How to Measure or Detect It
Score each analytics stage independently — averaging across stages hides the failing layer:
ASRAccuracy: transcript correctness against a reference; the floor for every downstream signal.Tone: classifies tone categories (polite, neutral, frustrated); track drift across time and language.ConversationResolution: scores whether the call reached a logical resolution — the highest-level intent metric.- Word Error Rate by cohort: split WER by language, codec, network, and speaker; aggregate WER is misleading.
- Eval-fail-rate-by-cohort (dashboard signal): percentage of calls where any analytics evaluator fails, sliced by user cohort.
Minimal Python:
from fi.evals import ASRAccuracy, Tone
asr = ASRAccuracy()
tone = Tone()
asr_result = asr.evaluate(prediction=asr_transcript, reference=human_transcript)
tone_result = tone.evaluate(input=user_turn, output=agent_turn)
print(asr_result.score, tone_result.score)
Common Mistakes
- Treating ASR accuracy as the only quality signal. A transcript can be 95% accurate and still mislabel “cancel” — the 5% errors are usually the highest-impact words.
- Aggregating sentiment across the whole call. Per-turn sentiment is the actionable signal; call-average sentiment hides barge-in frustration spikes.
- Letting the analytics classifier drift unmonitored. Sentiment and intent classifiers retrain on shifting language; rerun evaluator scores on a held-out cohort weekly.
- Mixing transcript and analytics metrics in one number. Score them separately so a regression points to the actual broken layer.

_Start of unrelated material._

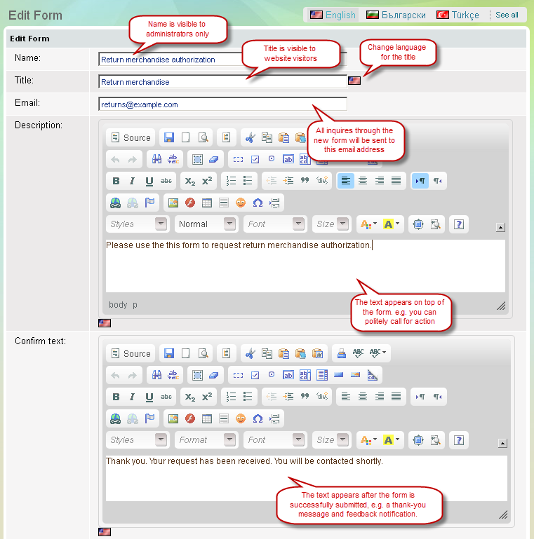 Name is used to identify a form in the Summer Cart admin panel and is visible to administrators only. Besides the name of a form, the store administrator defines a Title for the form which is visible to the public and can be displayed in multiple languages.

- Scoring only success stories. Sample failed and escalated calls disproportionately; that is where analytics quality matters most.
Frequently Asked Questions
What is text and speech analytics?
Text and speech analytics extracts structured signal — intent, sentiment, topics, compliance keywords — from unstructured conversational data. For voice, it begins with ASR transcription and feeds downstream classifiers.
How is speech analytics different from voice-agent evaluation?
Speech analytics summarizes conversational data for business reporting. Voice-agent evaluation scores whether the agent itself behaved correctly — accuracy, tone, escalation handling — using evaluators like ASRAccuracy and Tone.
How do you measure speech analytics quality?
FutureAGI evaluates each layer: ASRAccuracy for the transcript, Tone and CulturalSensitivity for sentiment consistency, ConversationResolution for intent capture, all run against LiveKitEngine simulations or traceAI-livekit production traces.